Southeast Asia Council (SEAC) — Rising Voices in Southeast Asian Studies
Association for Asian Studies Annual Conference 2026 (AAS2026 @ Vancouver)
Submission deadline: July 20, 2025

The Southeast Asia Council (SEAC) of the Association for Asian Studies (AAS) is calling for  paper proposals from up-and-coming scholars to join a Rising Voices panel on the topic of  “Against the Tide: Agency in Volatile Times for Southeast Asia.” We seek to recruit early  career scholars, or “rising voices,” including graduate students, independent scholars, and  untenured faculty, with preference for those based at underfunded institutions from  Southeast Asian countries (see below for eligibility). Accepted paper proposals will form a  panel for presentation and inclusion in the 2026 Annual Conference of the Association for  Asian Studies, to be held in Vancouver, British Columbia, Canada from March 12-15, 2026.  SEAC will provide partial financial assistance for presenters to attend the annual conference  and meetings. In addition to receiving financial support from the AAS/SEAC, this year’s Rising  Voices Panel also has financial support provided by TRaNS: Trans- Regional and -National  Studies of Southeast Asia

Panel Topic Description

In the midst of volatile conditions of geopolitical power, important questions have arisen  regarding the place of agency in Southeast Asia and beyond. This panel invites papers that  examine how states, societies, and individuals in Southeast Asia address, navigate, and effect  change against seemingly insuperable economic, political, and neoliberal forces. This includes  digital terrains of datafication and surveillance, censorship and disinformation. What are the  ways in which dynamics of change within Southeast Asia intersect with or push against global  tides? To what extent can reclamations of Southeast Asian history challenge and revise the  placement of Southeast Asia in dominant accounts of wars and conflicts, colonialism and neo colonialism? How do social formations within Southeast Asia address enduring forces of  empire, state power and human rights, authoritarianism and anti-authoritarianism, as these  forces shape and constrain the region’s future? We welcome contributions from all  methodologies and disciplines across the social sciences and the humanities, with preferences  for interdisciplinary and intersectional work that shed new theoretical and empirical light — historical and contemporary — on Southeast Asia. Proposals can focus on specific sites or  comparisons within Southeast Asia, across the region and its diaspora, or Southeast Asia ties  to other regions and global currents. 

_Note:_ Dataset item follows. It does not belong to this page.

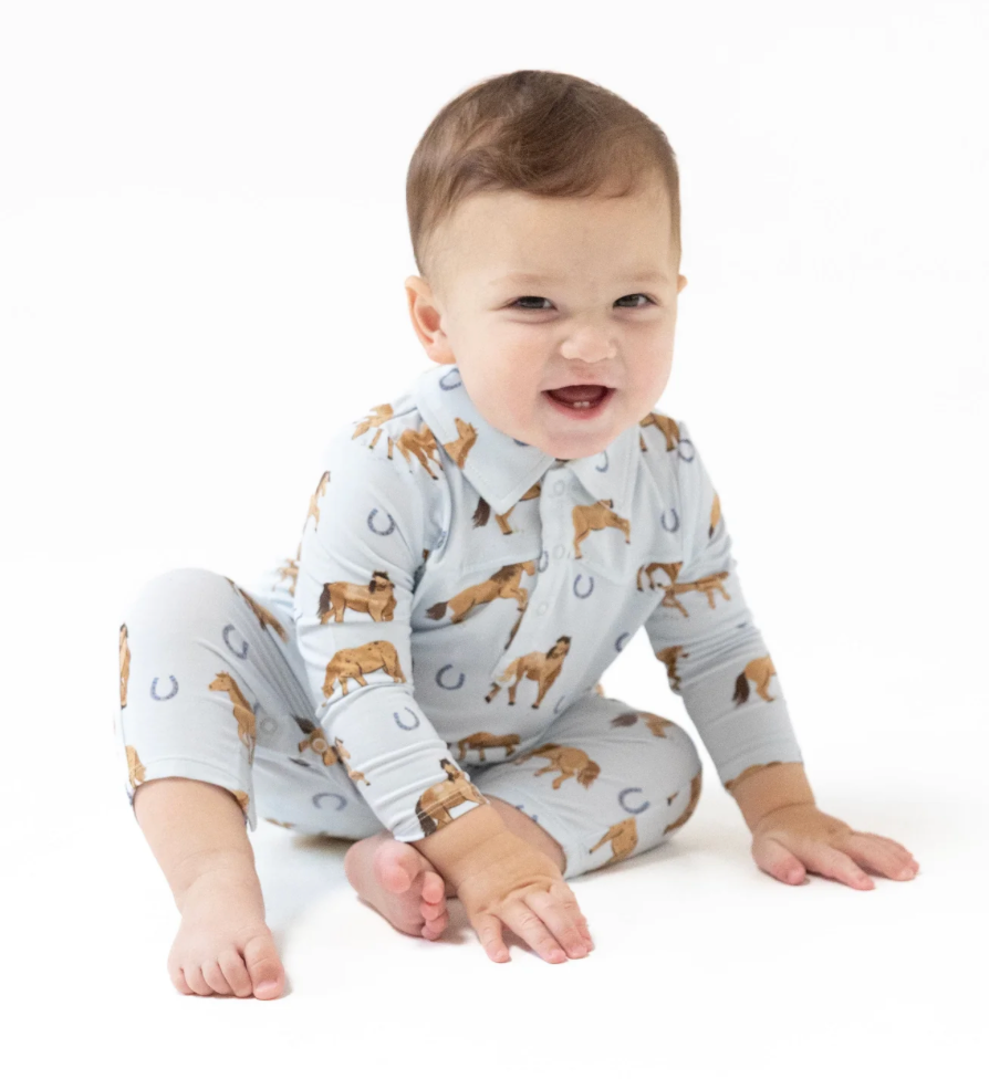 Giddy up and get cozy! Our Long Sleeve Cowboy Romper is made from silky-soft viscose from bamboo, keeping your little wrangler comfy and warm on every fall and winter adventure. With a fun western twist and all the softness your baby loves, this romper is ready for rodeos, playdates, and snuggles by the fire.
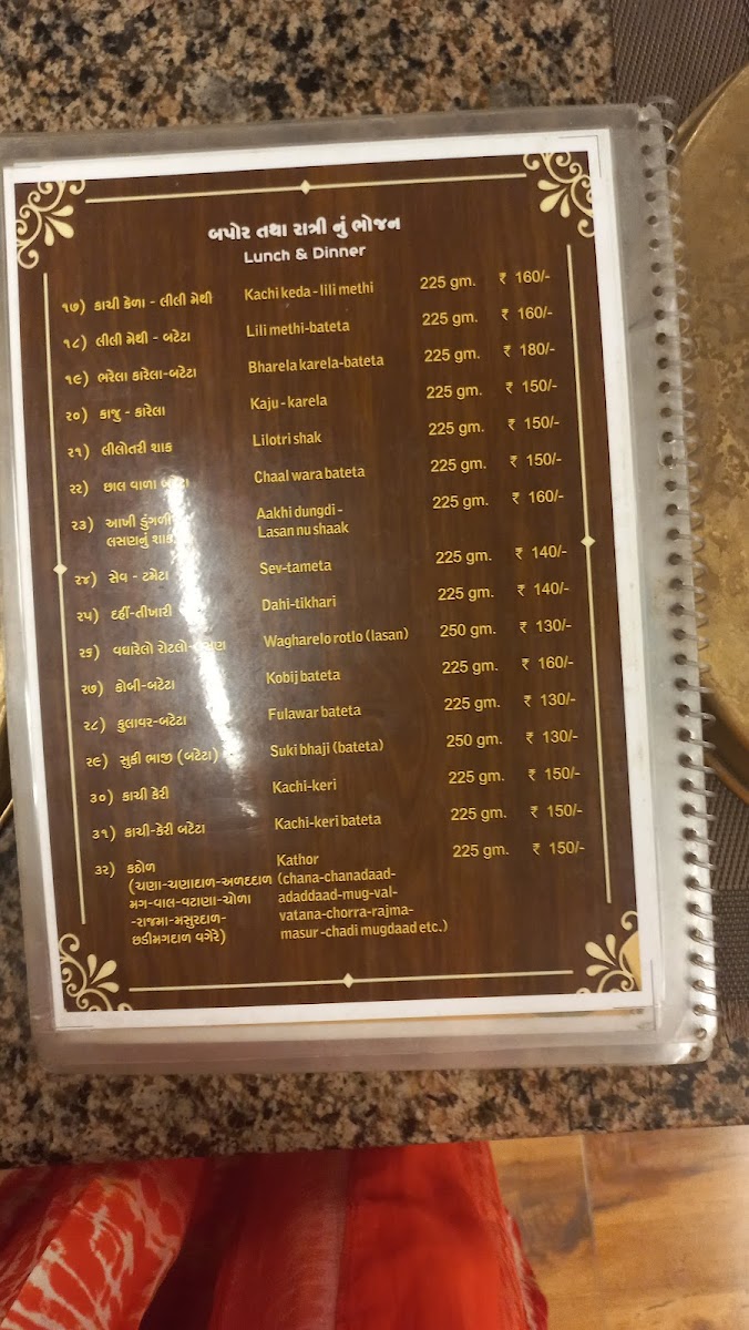 Step inside, and you're greeted by an atmosphere that feels both welcoming and mesmerizing. The carefully curated interior, adorned with beautiful Thamba plates and utensils, offers a glimpse into the rich culture of Gujarat. Guests rave about the thoughtfulness of the decor, which complements the homely feel of this culinary haven.

Eligibility and Selection Criteria

We seek papers by Southeast Asian scholars who are early career scholars, or “rising voices.”  Rising voices are defined here as advanced graduate students (currently writing dissertations  based on original field or archival research) or untenured faculty members (including tenure track assistant professors, adjuncts, and lecturers, or the approximate equivalent based on the  academic tradition from which the scholar is coming). Applicants may be currently enrolled as students in, or employed by, any institution of higher education in the world. Preference may  be given to students or faculty currently based at underfunded institutions in Late Developing  Countries (LDC) in Southeast Asia. Please note that the definition of LDC used by the AAS  excludes the following Asian countries: Australia, Hong Kong, Japan, New Zealand, Republic of China (Taiwan), Republic of Korea (South Korea), and Singapore. 

In addition to the stated goal of supporting rising voices from Southeast Asia, the primary  criteria for selection will be the quality and cohesiveness of the proposals to form a viable  panel. Most importantly, the Rising Voices panel is intended to be a Southeast Asia-focused  panel. Submissions that do not substantively address issues pertaining to the region will not  be considered. 

Please note that neither published papers nor papers under review can be accepted to Rising  Voices. Moreover, scholars may not submit the same paper proposal to both Rising  Voices and the JSEAS-sponsored panels. The selected panelists will be expected to attend the conference in person and comply with the deadline for paper submissions. 

To submit a paper proposal, please provide the following items in the order listed below, all  within a SINGLE Microsoft Word file or PDF document, by July 20, 2025: 

  1. Applicant’s Name, affiliation, and contact information, clearly indicating applicant’s current country of residence.

  2. Paper abstract. 250 words in the format of the standard AAS paper proposal.

  3. Brief bio-sketch of 200-300 words describing current and recent scholarly positions, a brief sentence or two about current research, and any significant publications. The model for this should be the standard blurb one sees on a faculty or graduate student website.

  4. Current curriculum vitae. Maximum 4 pages

Please save the file with the following filename convention:

RisingVoices2026_ApplicantsFamilyName.pdf

Completed applications should be sent to the attention of the AAS Rising Voices 2026 committee at aasrisingvoices@gmail.com by the July 20, 2025 deadline. Late submissions  or submissions that do not follow the above instructions will not be considered. Applicants  should confirm in their email that their paper has not been published or submitted for review  elsewhere.